# [TASK REQUIREMENTS]
Give back exactly the lines from the beginning of the listing below to the line holding "Heilan Coo Ladies", both ends included; the pictures stay out.
++++ EXERCISE DATA ++++
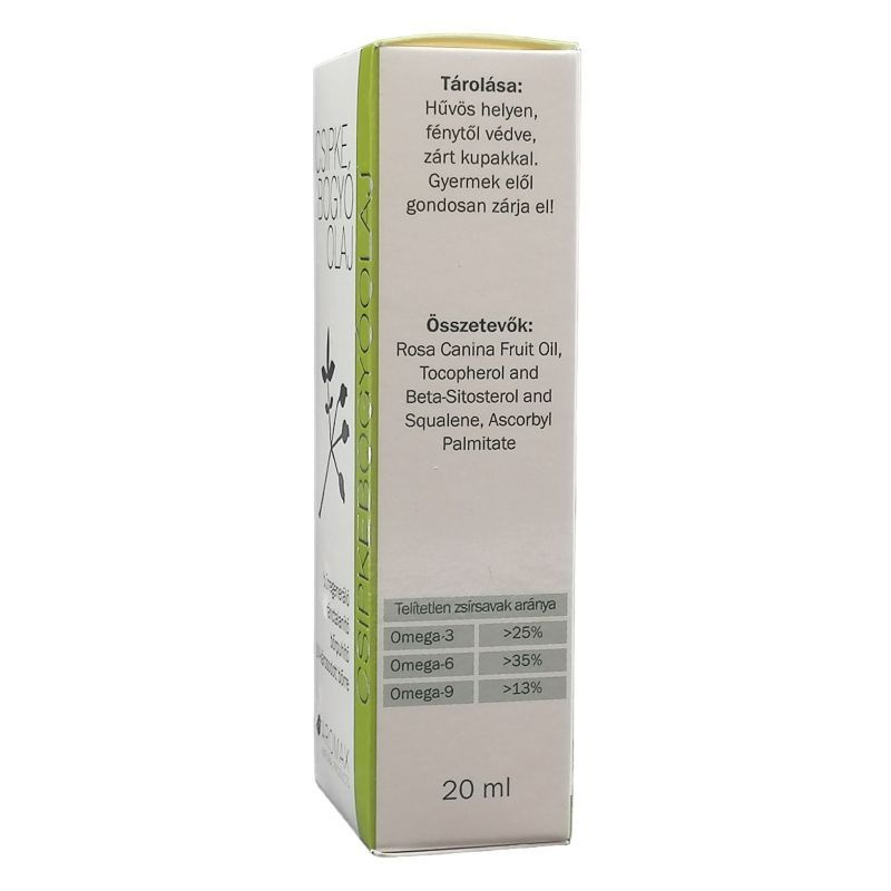 A csipkebogyó magjából hidegsajtolással előállított, finomítatlan olaj intenzív ápolást biztosít a száraz, élettelen bőrnek.
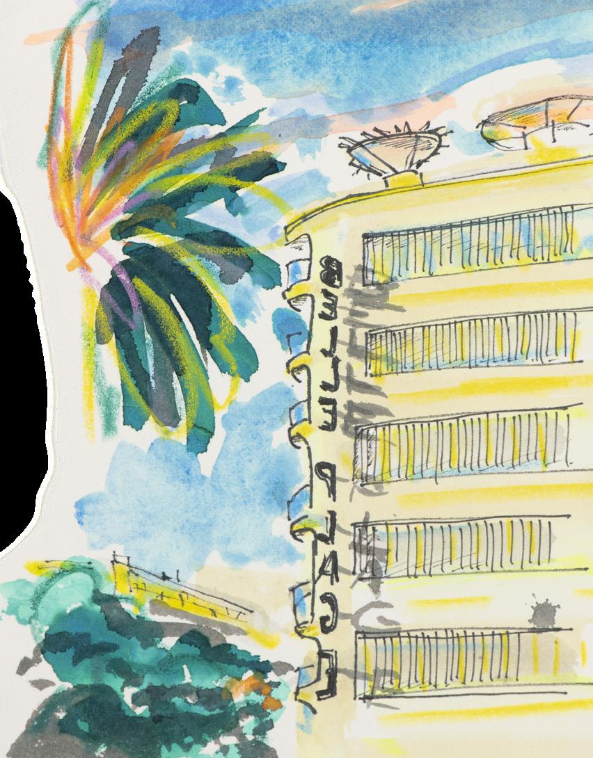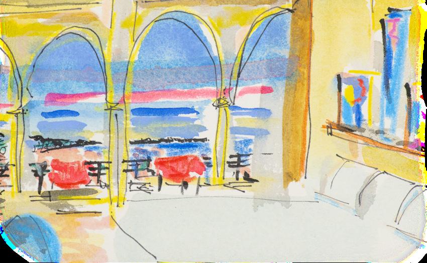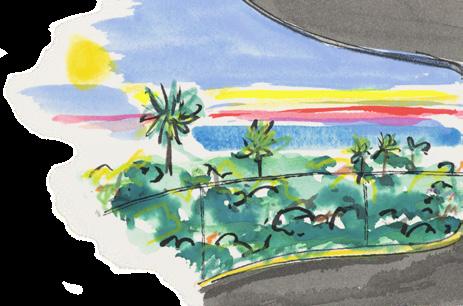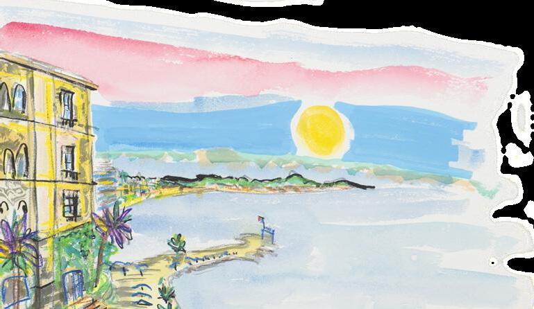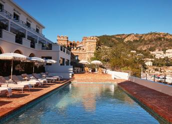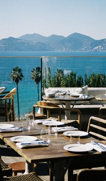 POSÉ AU pied du Suquet, le quartier historique de Cannes, juste en face de longues plages de sable et éloigné de l’agitation de la Croisette, cet hôtel d’un blanc éclatant est la dernière attraction de la Riviera. Et s’impose avec un charme fou... Signé par l’architecte d’intérieur Raphael Navot, le Belle Plage évoque la blancheur des maisons grecques, les courbes des immeubles Bauhaus de Tel-Aviv, le design des buildings du Miami Art déco. Tout semble avoir été pensé avec soin pour créer un cocon tout en rondeur aux accents bohèmes. Rien d’étonnant quand on sait qu’il s’agit de la troisième adresse du trublion Samy Marciano qui, après avoir fait fortune dans le prêt-à-porter, a opéré une spectaculaire reconversion dans l’hôtellerie — comme l’hôtel Bachaumont et l’Hôtel National des Arts et Métiers, deux réussites parisiennes. Ici, la vue du rooftop est à couper le souffle. Derrière les palmiers, les îles de Lérins, Sainte-Marguerite et SaintHonorat et une vue sur les montagnes volcaniques de l’Estérel, jouant les paradis sur mer. Au coucher de soleil, une autre vision de Cannes apparaît. Rouge et flamboyante. Magique. Côté papilles, le restaurant Bella a été confié au chef Eyal Shani, gourou de la scène culinaire tel-avivienne, qui marie les saveurs de la Provence dans des plats à partager. C’est ici aussi que l’on prend un petit-déjeuner très gourmand ou que l’on vient boire un verre durant la journée. Quel que soit le moment, on s’y délecte d’une des plus belles vues sur la mer de Cannes.
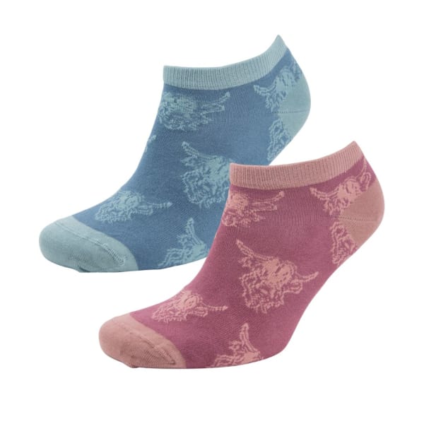 Heilan Coo Ladies 2pk Bamboo Trainer Socks - Damson/Slate
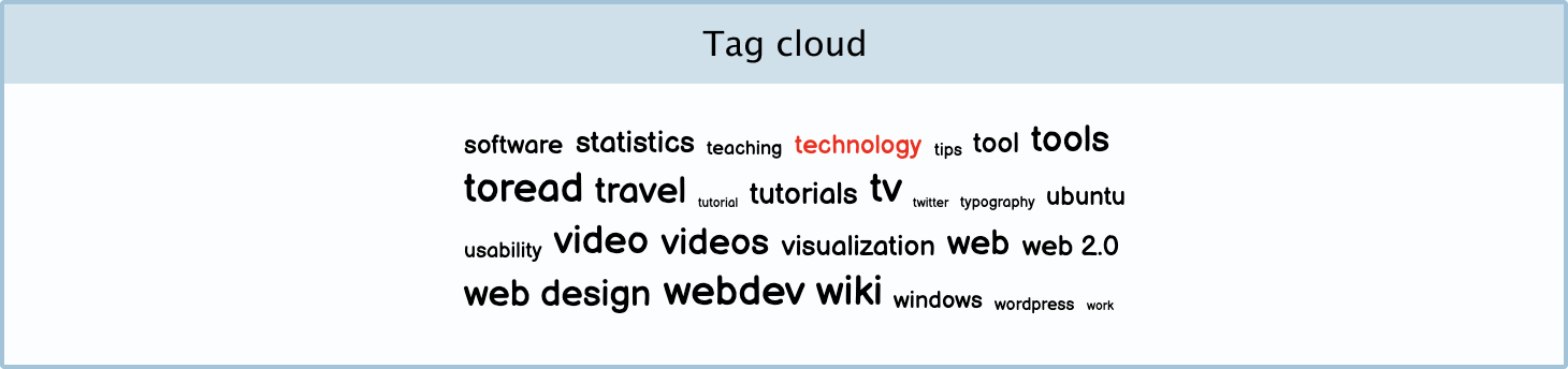 Tag cloud: A tag cloud is a collection of tags found on a website — usually a blog or news site. These individual tags, when clicked, take you to a page with a list of all the posts (or pages) with those tags.
++++
# [RESULT]
 A csipkebogyó magjából hidegsajtolással előállított, finomítatlan olaj intenzív ápolást biztosít a száraz, élettelen bőrnek.
 POSÉ AU pied du Suquet, le quartier historique de Cannes, juste en face de longues plages de sable et éloigné de l’agitation de la Croisette, cet hôtel d’un blanc éclatant est la dernière attraction de la Riviera. Et s’impose avec un charme fou... Signé par l’architecte d’intérieur Raphael Navot, le Belle Plage évoque la blancheur des maisons grecques, les courbes des immeubles Bauhaus de Tel-Aviv, le design des buildings du Miami Art déco. Tout semble avoir été pensé avec soin pour créer un cocon tout en rondeur aux accents bohèmes. Rien d’étonnant quand on sait qu’il s’agit de la troisième adresse du trublion Samy Marciano qui, après avoir fait fortune dans le prêt-à-porter, a opéré une spectaculaire reconversion dans l’hôtellerie — comme l’hôtel Bachaumont et l’Hôtel National des Arts et Métiers, deux réussites parisiennes. Ici, la vue du rooftop est à couper le souffle. Derrière les palmiers, les îles de Lérins, Sainte-Marguerite et SaintHonorat et une vue sur les montagnes volcaniques de l’Estérel, jouant les paradis sur mer. Au coucher de soleil, une autre vision de Cannes apparaît. Rouge et flamboyante. Magique. Côté papilles, le restaurant Bella a été confié au chef Eyal Shani, gourou de la scène culinaire tel-avivienne, qui marie les saveurs de la Provence dans des plats à partager. C’est ici aussi que l’on prend un petit-déjeuner très gourmand ou que l’on vient boire un verre durant la journée. Quel que soit le moment, on s’y délecte d’une des plus belles vues sur la mer de Cannes.
 Heilan Coo Ladies 2pk Bamboo Trainer Socks - Damson/Slate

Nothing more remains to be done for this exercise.